В эту осеннюю непогодь опять загулял заведующий клубом Афанасий Апраксин — крепкий колченогий мужик с давно не мытой бурой шеей, до самых глаз заросший густой щетиной. Накануне выпил Афанасий стопку перед обедом. И сразу почувствовал, как все в нем вдруг переменилось, как кончилась, отошла одна жизнь и наступила для него другая, резко отличная от прежней, — мутная, глухая, таинственная.

— Ты, студент, не видел еще кабиасов, — говорит он мне низким, сиплым, всегда трогающим меня до слез голосом, и лицо его становится жестоко-вещим. — С рожками. Маленькие. Черные. Которые с зеленцой. Копытцами чечетку выбивают… А как поют. Соберутся ночью на погосте и песни заиграют. Я из них капеллу собью, в район на смотр самодеятельности махнем. Вот бьюсь — с контрапунктом пока у нас не ладится.

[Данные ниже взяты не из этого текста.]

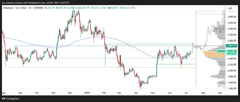 The volume profile to the right shows heavily traded prices clustering near $2,800. If Ethereum can break above that point and clear $2,840, this level will turn into a major support, where fresh supply waits. However, a drop below the 200-EMA could lead the price to retest $2,400. A break below this level would shift momentum negative and risk a slide toward the April low near $1,500.

И стало мне невмоготу. Как в белом сне, увидел я город, огни, метро, красивых официанток в накрахмаленных передничках и наколках. И вспомнил я, как всегда, своего дорогого дедушку, Ивана Алексеевича, к которому обращаюсь во всех случаях жизни. И другого дедушку, которому я тоже очень многим обязан.

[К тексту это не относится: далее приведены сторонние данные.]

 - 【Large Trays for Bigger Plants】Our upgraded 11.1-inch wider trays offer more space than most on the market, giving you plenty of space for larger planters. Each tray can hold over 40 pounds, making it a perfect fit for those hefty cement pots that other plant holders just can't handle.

Милый дедушка, Антон Павлович, Христом Богом тебя молю, возьми меня отсюда…

Корней ЧУКОВСКИЙ

Неопубликованное письмо Пушкина

Я не смею утверждать, что был близок с Александром Сергеевичем. У нас было всего несколько мимолетных встреч.

Даже когда он был молод и малоизвестен, меня поражала его независимость, его всегдашнее стремление показать, что он не нуждается в моем покровительстве. Может быть, именно поэтому в моей «Чукоккале» нет ни одной записи, сделанной его рукой. Когда-нибудь я еще расскажу всю историю наших отношений. А сейчас я хочу вспомнить только об одной краткой и случайной нашей размолвке.

Вечером 16 ноября 18… года на большом рауте у графа Финкельмана, австрийского посланника, ко мне подошла Екатерина Ивановна Загряжская, которую я знал еще барышней, и не без ехидства заметила, что в стихотворении Пушкина «Жил на свете рыцарь бедный, молчаливый и простой» речь идет обо мне. Александр Сергеевич, при этом присутствовавший, ни словом не возразил говорившей.